Видел я там и Микилла, —

говорит Кратет[390], –

Шерсть он чесал, а жена чесать ему помогала,

Ибо спасались они от голода в бедности страшной[391].

5. Царь Антигон[392], увидев в Афинах Клеанта[393], которого долгое время не встречал, спросил у него: «Ты все еще мелешь, Клеант?» – «Буду молоть и буду делать это, чтобы не расстаться с Зеноном и с философией», – ответил он. 6. Такова мысль мужа, который рядом с мельницей и лоханью рукой, пекшей хлеб и моловшей, писал о богах, о луне, о солнце и звездах[394]. 7. А нам такие дела кажутся рабскими[395]! И вот именно поэтому нам приходится брать в долг, льстить людям рабского происхождения, угождать им, давать обеды, делать подарки и подношения – и все это, чтобы сохранить свободу! И не из-за бедности, ибо бедняку в долг никто не даст, а из-за чрезмерной расточительности. 8. Ведь если бы мы ограничились тем, что необходимо для жизни, то самого рода заимодавцев не было бы, как нету кентавров или горгон, потому что заимодавцев породила роскошь, не меньше чем мастеров по золоту и серебру и тех, кто приготовляет благовония и яркие краски. 9. Деньги-то мы берем в долг не на хлеб или на вино, а на землю, на рабов, на мулов, на триклинии, на общественные обеды, для того, чтобы неизвестно зачем устраивать городские праздники и с крайним честолюбием ублажать пустых и неблагодарных людей. 10. Тот, кто однажды запутается, навечно остается должником, несущим одного седока за другим, словно взнузданная лошадь. Отсюда нельзя бежать ни на какие поля или луга! И вот скитается должник подобно гонимым богам и упавшим с неба демонам у Эмпедокла:

Сила эфирная их низвергает до самого моря,

Море бросает на твердь, а земля к неустанному свету

Солнца, которое их отправляет в вихри эфира[396].

Один за другим преследуют его заимодавец за барышником, коринфянин, следом за ним патреец, а за ним афинянин, пока, пораженный со всех сторон, он сам не распадется на проценты и не рассыплется на мелочь. 11. Таким же точно образом как попавший в грязь, хотя ему нужно либо сразу выбраться оттуда, либо остаться там, не двигаясь, поворачивается и крутится мокрым и скользким телом, а поэтому набирает на себя еще больше мерзости, так и в переводах и обменах долгов те, которые берут еще больше и наращивают лихву на лихву, всегда увязают глубже.

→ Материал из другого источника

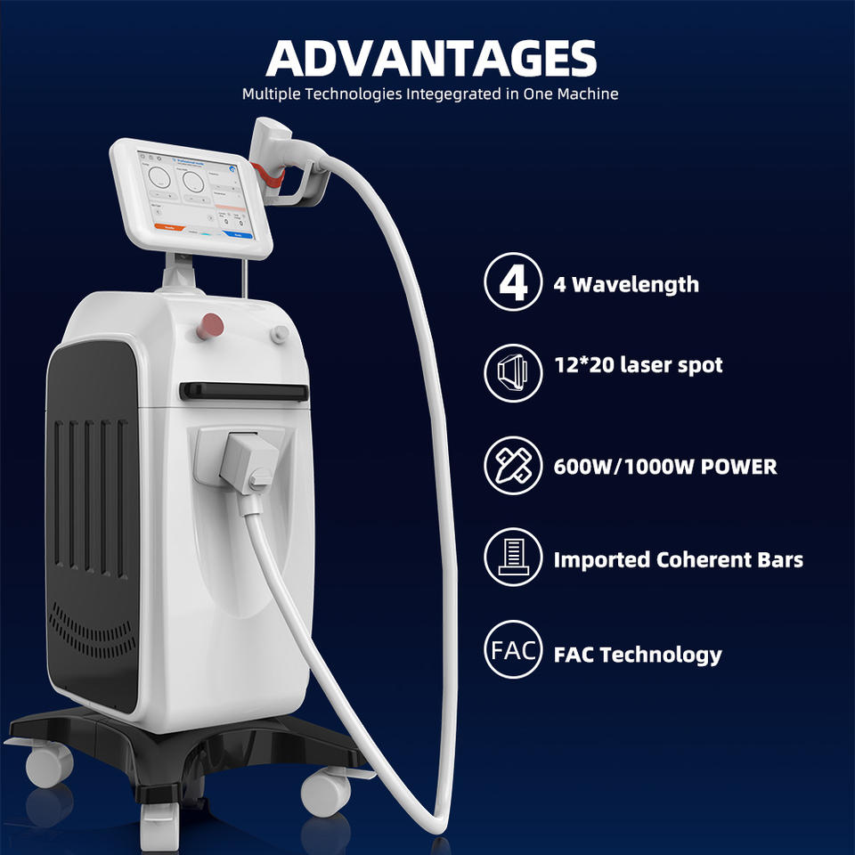 Meilleur laser diode d'épilation 755/808/1064nm 1000W, machine d'épilation au titane avec refroidissement par eau/air pour une épilation permanente
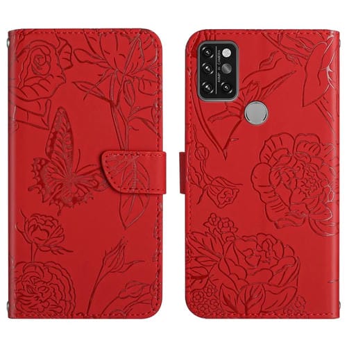 Funda de Cuero para Umidigi A9 Pro con Relieve de Peonía y Mariposa (Rojo)
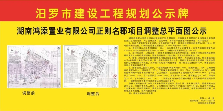湖南鸿添置业有限公司正则名郡项目调整总平面图公示

Они ничем не отличаются от больных разлитием желчи. 12. На лечение они не соглашаются, а извергнув из себя положенное, снова набирают еще больше желчи и таким образом вечно влачат свою жизнь. Так и эти очиститься не хотят, а в определенное время года всегда выплачивая проценты с болью и отчаяньем, как только образуются следующие, вновь испытывают приступы тошноты и страдают от головной боли; тогда как нужно, освободившись, стать чистыми и свободными.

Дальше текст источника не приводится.